Яшар-муаллим был обтекаемых кондиций, не тощий, но и не сверх меры упитан, гладок и, для солидности, пещерист, череп так облетел, что будто и не поредела прическа, а убрана предусмотрительно про запас, одет с обветшалой опрятностью, в пиджачную чесучовую пару и фуражку чиновника телеграфного ведомства, модную также в речном пароходстве. Непромокаемый задор в округлом, ртутном старичке, но к старости я отношусь безо всякого умиления, старички, взъерошенно проказливые или остепенившиеся, вырастают из нимало не умилительных взрослых. От шуточек и улыбок его веселья не было никакого, они вызывали недоумение, хорошо, не столбняк.
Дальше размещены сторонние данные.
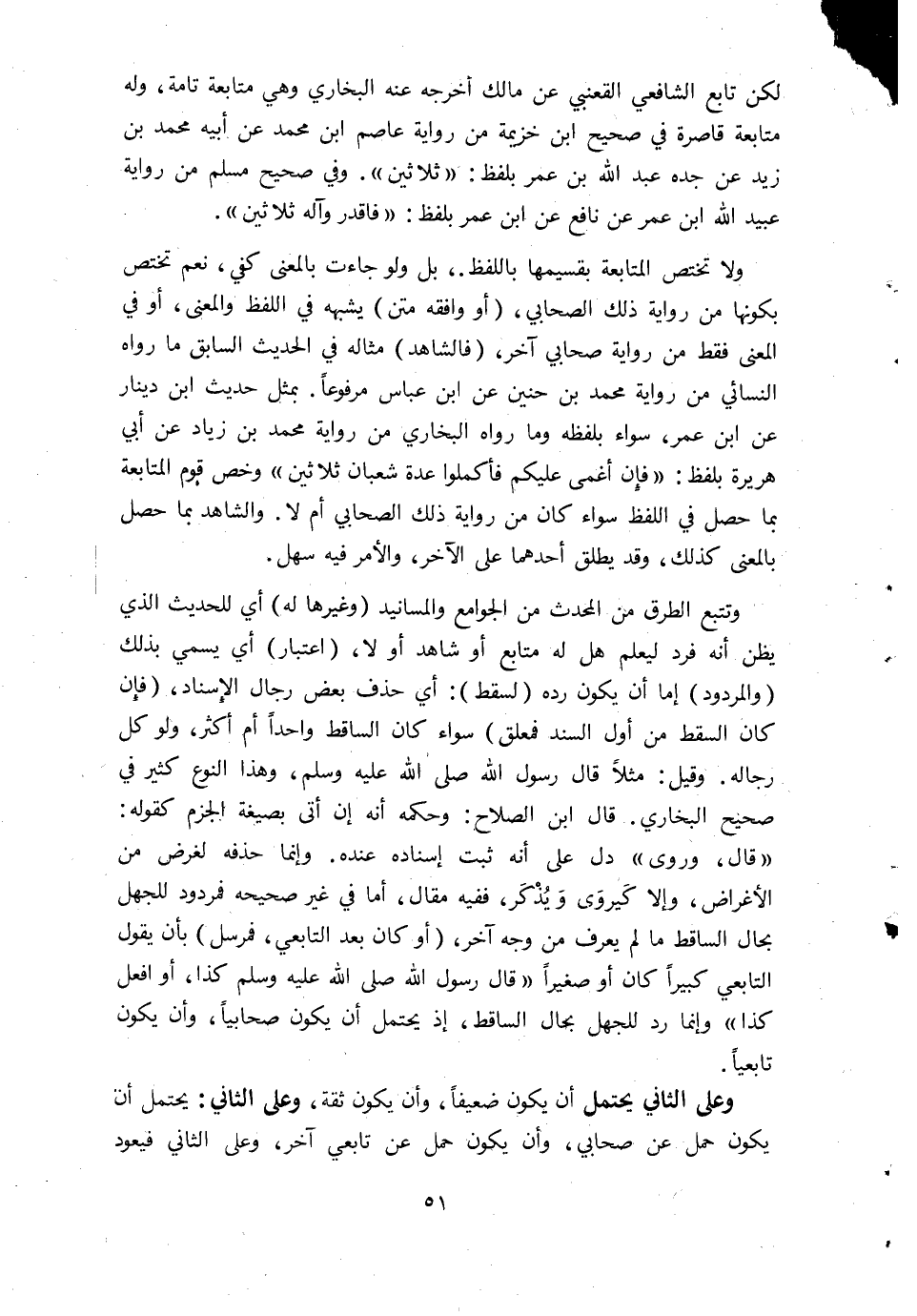 وَلَا تخْتَص الْمُتَابَعَة بقسيمها بِاللَّفْظِ بل وَلَو جَاءَت بِالْمَعْنَى كفي نعم تخْتَص بِكَوْنِهَا من رِوَايَة ذَلِك الصَّحَابِيّ أَو وَافقه متن يُشبههُ فِي اللَّفْظ وَالْمعْنَى أَو فِي الْمَعْنى فَقَط من رِوَايَة صَحَابِيّ آخر فالشاهد مِثَاله فِي الحَدِيث السَّابِق مَا رَوَاهُ النَّسَائِيّ من رِوَايَة مُحَمَّد بن حنين عَن ابْن عَبَّاس مَرْفُوعا بِمثل حَدِيث ابْن دِينَار عَن ابْن عمر سَوَاء بِلَفْظِهِ وَمَا رَوَاهُ البُخَارِيّ من رِوَايَة مُحَمَّد بن زِيَاد عَن أبي هُرَيْرَة بِلَفْظ

В народе Яшара-муаллима звали Эли-эфенди, бывший человек, за любовь якобы только к прошлому, и, эту репутацию освежая, он в дядиных закромах покупал то золоченых крохотных ящерок, то с отбитой ручкою чайничек, то стрекозиной формы брошь для истлевшего платья, то зубчики и осколки, остраконы из заброшенных раскопов — чепуху, историей отринутую мелочь брал за грош, забивал ею логово, с чем предстояло мне свыкнуться, а речь держал о том, что прежде было лучше. И очень сильные, глубокие глаза в орбитах, глаза, переливающиеся всеми средними цветами спектра, от зеленого до синего — с тревожащими, пронзительными зрачками. Молва наделяла его уменьем гадать, находить с лозой подпочвенные воды, и выбивающейся биографией, в которой, среди прочих отклонений, вроде отказа от доходного места и почтительного, не ради денег переписывания святых книг при саркастическом небрежении официальной божественностью, выпирала совсем уж для мусульманина дикая выходка — работа в еврейской экспедиции под руководством неизвестного в ученом обществе этнографа с загадочным именем, коего пропавшая сердцевина, перечеркнутая дефисом между первым и третьим слогами, затягивала в омут неразглашения и подлинную задачу похода, посвященного не сбору коллекций, а розыску и постановке на службу плененных диббуков. Я поступил к Яшару-муаллиму красно занявшимся студеным утром декабря. Южные зимы, усугубляясь волнением, обожают пускать в ход пробирающую радиацию. Мне было холодно и зябко, как дитяте Хачатуру, свернувшемуся на рассвете в калачик».